Comment - Confusion over roof extension ruling

Planning authorities, inspectors and householders are struggling to get to grips with June's High Court ruling on the distance dormer windows and other roof extensions need to be set back from the edge of a dwelling to qualify for permitted development rights under class B, part 1, schedule 2 of the General Permitted Development Order (GPDO) 2008.


Condition B.2(b) states that to qualify for class B rights, "the edge of the enlargement closest to the eaves of the original roof, shall, so far as practicable, be not less than 20 centimetres from the eaves of the original roof". The Department for Communities and Local Government's technical guidance note Permitted Development for Householders advises that the 20 centimetres should be measured along the roof slope from the outermost edge of the eaves.

This formula was tested in London Borough of Waltham Forest v Secretary of State for Communities and Local Government, in which the council challenged an inspector's decision to quash an enforcement notice requiring the removal of a rear dormer extension at a house in east London. The council contended that the 20-centimetre setback distance should be measured from the inner edge of the eaves - in other words, from the intersection of the back wall and roof of the property.

Applying the technical guidance, the inspector rejected this approach (DCS Number 100-074-491). After referring to various dictionary definitions, the judge was satisfied that the natural interpretation of condition B.2(b) was that the setback should be measured from the closest point of the eaves, at their intersection with the wall. On that basis, he struck down the inspector's decision.
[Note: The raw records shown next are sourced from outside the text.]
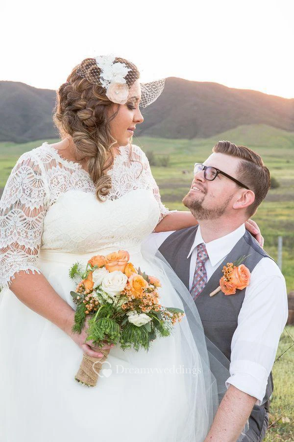 Elegant Lace Illusion Half Sleeve Wedding Dress Plus Size A-line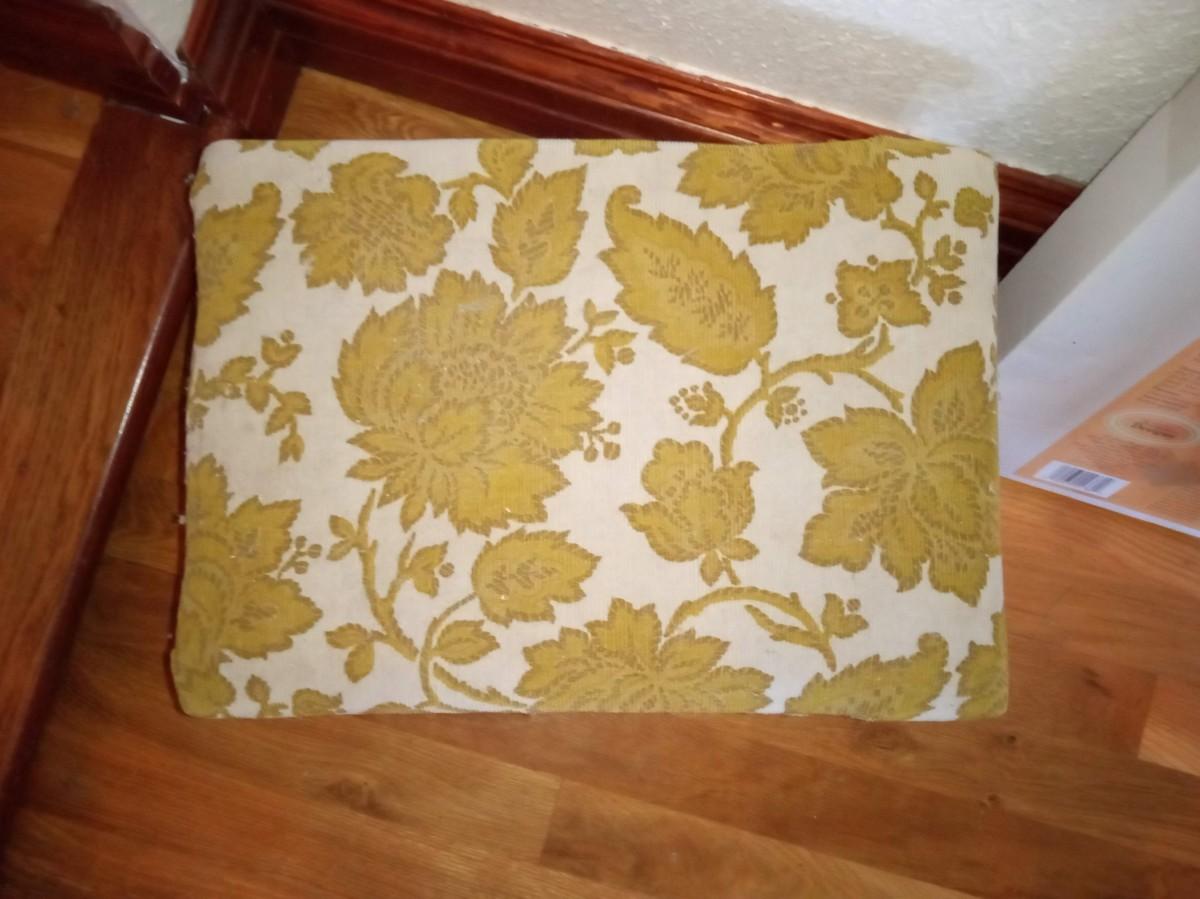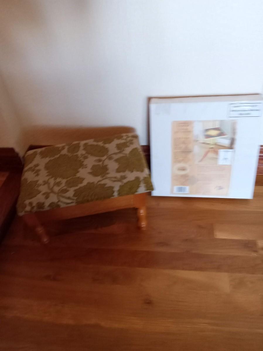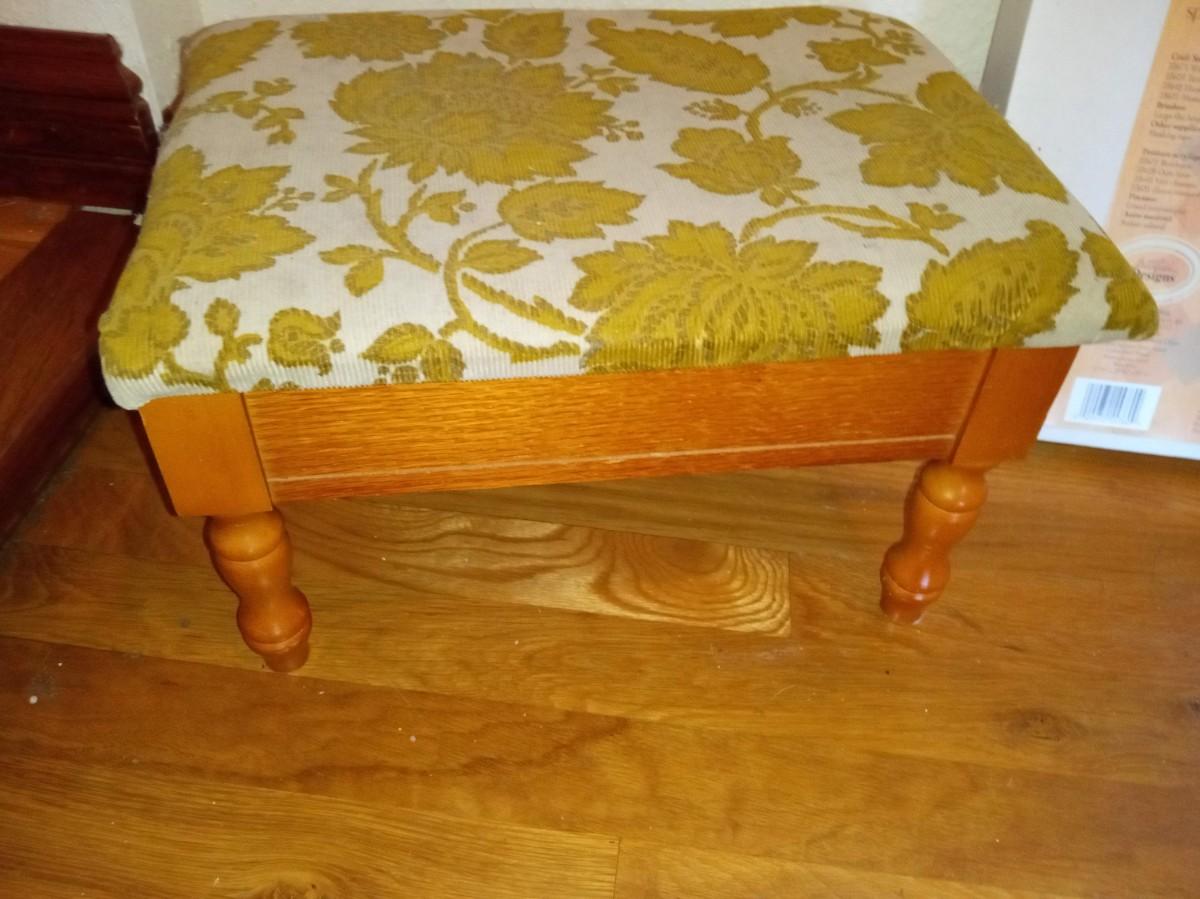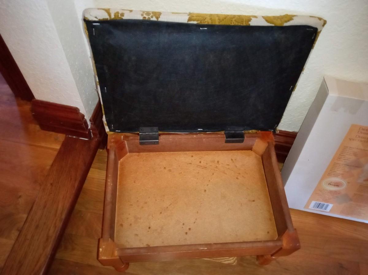 THE FOOT STOOL HAS A HINGED LID AND STORAGE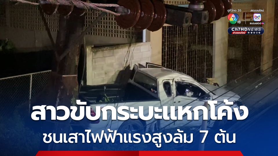 หญิง จนท.ห้องอีอาร์ รพ.แห่งหนึ่งที่ จ.ตรัง ขับรถกระบะแหกโค้ง ชนเสาไฟฟ้าแรงสูงล้ม 7 ต้น ได้รับาดเจ็บ 3 คน ขณะที่ ไฟดับเป็นวงกว้างทั่วเมืองตรัง นอกจากนั้น ยังมีรถเก๋งที่ขับตามมาเสียหายอีก 1 คัน เสาไฟล้มทับ 3 ชีวิตในรถรอดหวุดหวิด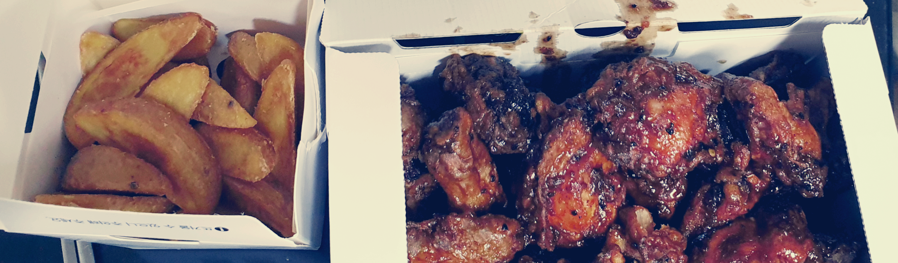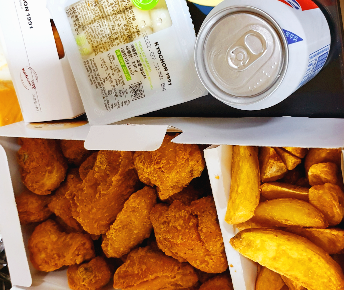 왼쪽은 교촌 라이스 세트, 오른쪽은 블랙 올리브 치킨이었나?

The online version of the technical guidance now includes a footnote saying the department is considering the impact of the court decision and advises householders to "discuss roof extension proposals with their local authority" in the meantime. Given that council planners are probably as confused as anyone, this advice seems of limited utility.

The confusion that arises for applicants was illustrated by an appeal decision last month on an enforcement notice requiring removal of rear roof extensions elsewhere in east London (see the full article). The appellant had carried out further works in an attempt to bring the extensions within the scope of the GPDO, as defined in the technical guidance.

The inspector decided that to require further changes to meet the "correctly defined" setback implied by the court ruling would produce only a marginal visual improvement. He noted that the appellant had plainly made efforts to establish whether the works were lawful "against a confused background at a time of what has been proven to be incorrect technical guidance".